Bring the evidence into your interviews. Book an AI fluency demo and we'll walk you through the simulation, the transcript and the reviewer notes behind each score.
FAQ
What are good AI fluency interview questions?
In Bryq's practical guidance, good questions ask candidates to explain decisions they actually made: what they gave to AI, how they fixed a weak answer, how they caught an error, what they'd never share, and how they finished the work. Anchor each to a real task, ideally one completed before the interview.
Should you test AI fluency before or during the interview?

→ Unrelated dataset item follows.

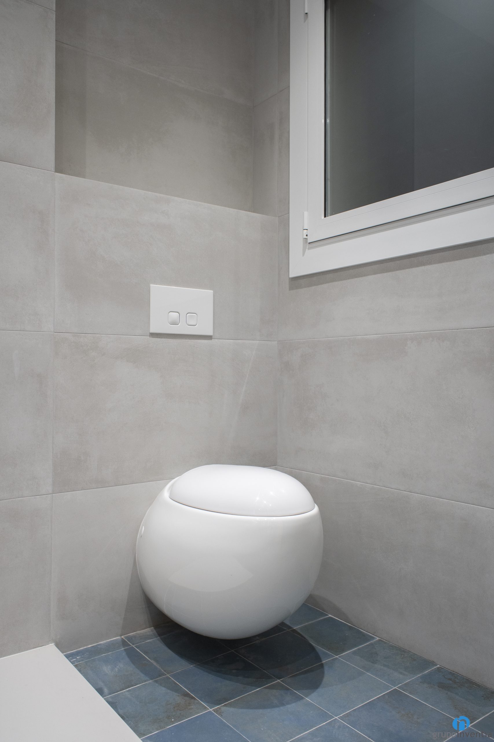 Se trata de un baño muy bien equipado y con un diseño contemporáneo y agradable. Hemos alicatado las paredes por completo con azulejos de acabado gris. De este modo hemos potenciado la sensación de luminosidad y amplitud visual. Para el pavimento hemos utilizado baldosas de color azul con efecto desgaste que aportan mucha personalidad.

In our view, both, for different things. Test how candidates work with AI before the interview, with a hands-on task. Use the interview to score their reasoning about what you observed. An interview hears how people describe their habits. A task shows them.
What levels should an AI fluency rubric use?
Bryq uses three fluency levels matched to role requirements: Aware (admin, entry-level, support), Functional (marketing, finance, ops, HR) and Advanced (strategy, leadership, AI-adjacent). Set the target level per role first.